In their metaanalysis, Anderson, et al³⁰ found that the strongest predictor of overall response to treatment was disease duration, with a response rate of 53% for patients with less than one year of disease, compared to 35% for patients with over 10 years of disease. Other studies found similar results, specifically for gold³¹ and sulfasalazine⁹. Further, in the FIN-RACo trial of combination versus single DMARD therapy in newly diagnosed RA, delay to treatment of more than 4 months had a significant effect on remission rate at 2 years in the group treated with a single DMARD, although this effect was not seen in the group treated with combination therapy¹⁸. Not all studies have found such an effect. Hoekstra and colleagues¹⁵ found no association between disease duration and MTX response. In an observational study of 671 patients with RA, with 1017 new DMARD starts, Wolfe, et al⁵ used time on drug as a measure of drug efficacy and did not find that disease duration was a useful predictor of drug survival. O'Dell, et al^16,39 in a study of 102 RA patients with a poor response to at least one DMARD, randomized to either MTX alone, sulfasalazine and hydroxychloroquine, or all 3 medications, also found that disease duration did not predict response to treatment¹⁶. Nevertheless, the majority of studies would seem to suggest that disease duration is important in determining drug response. It is postulated that the biological process of RA changes early in the course of the disease⁴⁰ and so early aggressive drug intervention is important.
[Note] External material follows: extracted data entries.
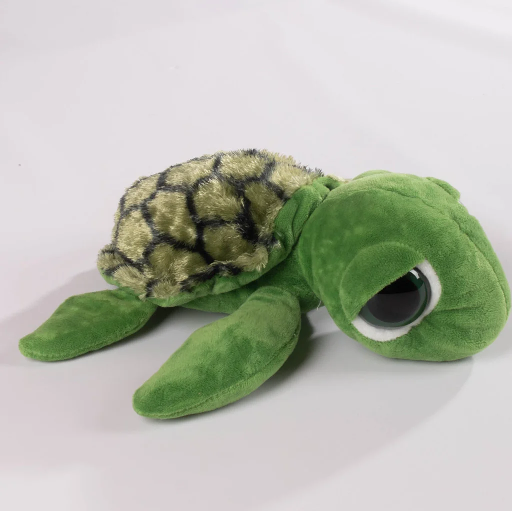Este adorable peluche de tortuga destaca por su caparazón con un patrón detallado que imita la apariencia real de una tortuga. Suave y encantador, es ideal para quienes disfrutan de los animales marinos y buscan una compañía tierna y decorativa.
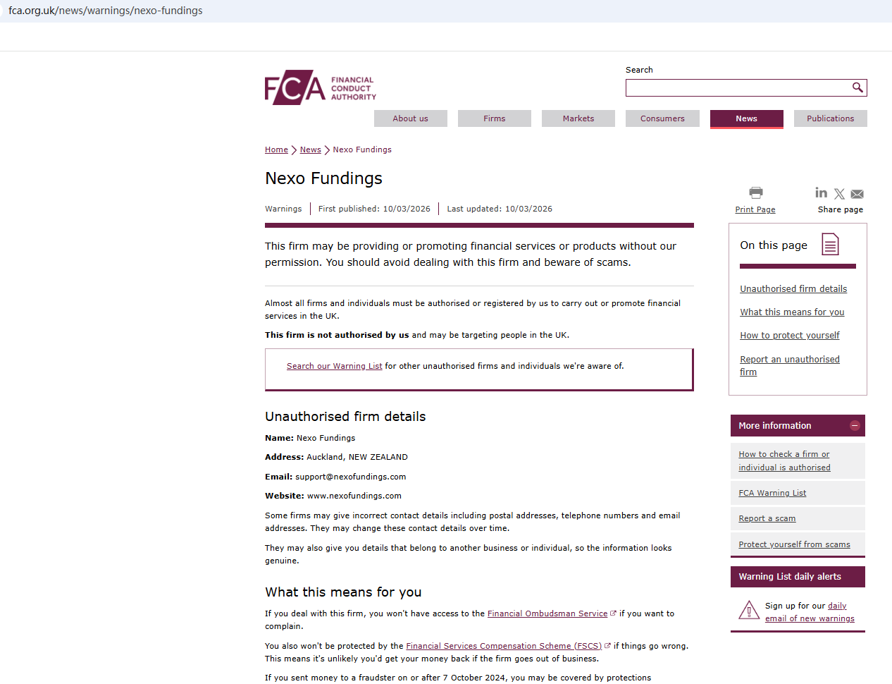 2026年3月10日,英国金融行为监管局(FCA)发布警告,怀疑Nexo Fundings公司可能在未获得必要授权的情况下提供金融服务或产品。https ://www.fca.org.uk/news/warnings/nexo-fundings
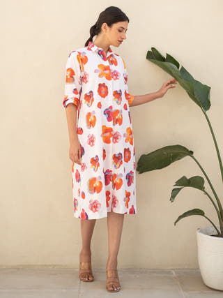 Rose Print Shirt Dress

Numerous studies support this hypothesis, showing that early treatment leads to improved outcome in terms of radiological damage and function³⁴.

There is a need, however, to disentangle whether long-standing disease per se is associated with a poor DMARD response or whether prior failure on a DMARD (which is more likely in patients with long-standing disease entered into clinical trials) predicts response to subsequent drugs. In an observational study of 593 Austrian RA patients receiving 1319 DMARD courses, Aletaha, et al⁶ reported that first DMARD courses were more effective than subsequent courses, with the greatest decline in C-reactive protein (CRP) occurring during the first DMARD prescribed. In addition, drug survival was greatest for the first drug course. Wijnands, et al¹¹ also noted that drug survival was shorter for drugs prescribed later in the disease course. In their metaanalysis of 14 clinical trials, Anderson, et al³⁰ also found that prior DMARD use was associated with a lower rate of response, independent of disease duration. However, O'Dell, et al^16,39 reported that previous DMARD failure was not predictive of treatment response in a combination DMARD trial.
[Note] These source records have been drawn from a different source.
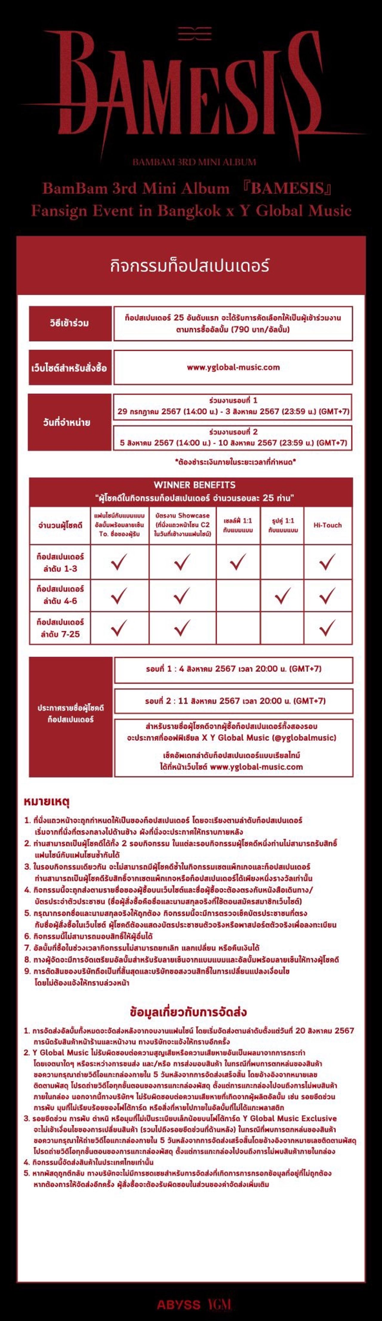 แฟนคลับเตรียมวอร์มเสียงมากรี๊ด วอร์มร่างกายมาแดนซ์ให้สุดเหวี่ยงไปกับน้องชายแห่งชาติ แบมแบม ที่พร้อมมากถึงมากที่สุดกับงานครั้งนี้!! ติดตามรายละเอียดเพิ่มเติมของกิจกรรมแฟนไซน์ และงานโชว์เคสได้ที่ Facebook และ X : Y Global Music
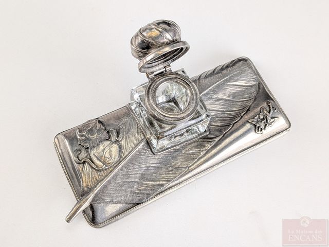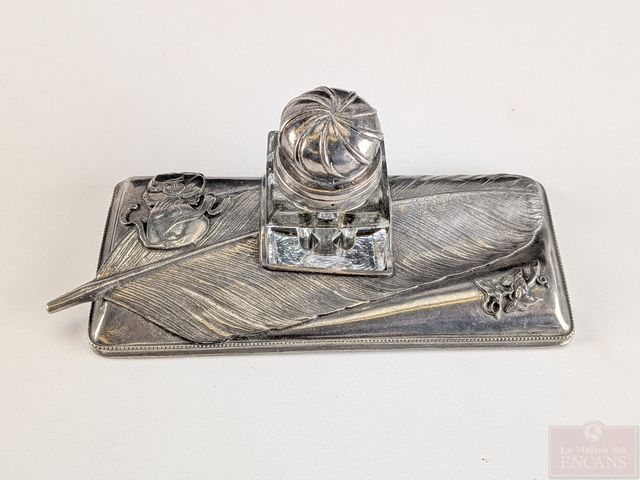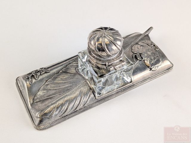 Encrier français en étain avec sa bouteille de verre, mesurant 6 pouces de largeur
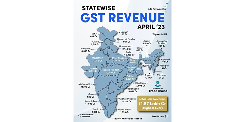 The State of Uttar Pradesh in April 2023 has joined the league of States that have GST Collection of Rs 10,000 Cr+ in one month. This is also the highest ever monthly collection in the GST regime Onwards to a Trillion Dollar economy for Uttar Pradesh.
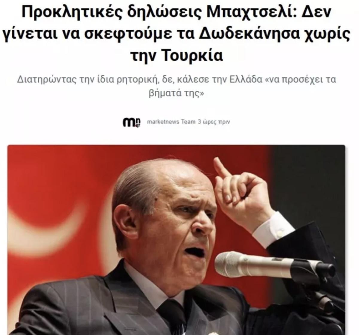 "Bahçeli, Yunanistan'ın eylemlerinin sonuçları ağır olacaktır" tehdidinde bulundu. Türkiye Cumhurbaşkanı'nın hükümet ortağı ve aşırı sağcı MHP Lideri Devlet Bahçeli, 12 Ada'yı doğrudan hedef tahtasına koyarak provokatif bir tutum sergiledi.

There are a number of mechanisms by which prior DMARD use could influence subsequent response to therapy. Previously-administered drugs may have effects on drug pharmacokinetics, such as induction of enzyme pathways, meaning that later treatments are more likely to fail (drug pressure effects). Fries, et al⁴ studied new starts of prednisolone, MTX, and hydroxychloroquine in 2898 patients from the ARAMIS dataset, and examined treatment effectiveness at 9 months using the Health Assessment Questionnaire (HAQ) disability score and a pain score using a visual analog scale as outcome measures. They found that the greatest effectiveness was seen with the first DMARD after nonsteroidal-only treatment. They concluded that treatment effectiveness was substantially influenced by prior treatment. It may be that there are alterations in drug kinetics over time, or the upregulation of enzyme pathways that mean that treatments prescribed later in the course of disease are less effective.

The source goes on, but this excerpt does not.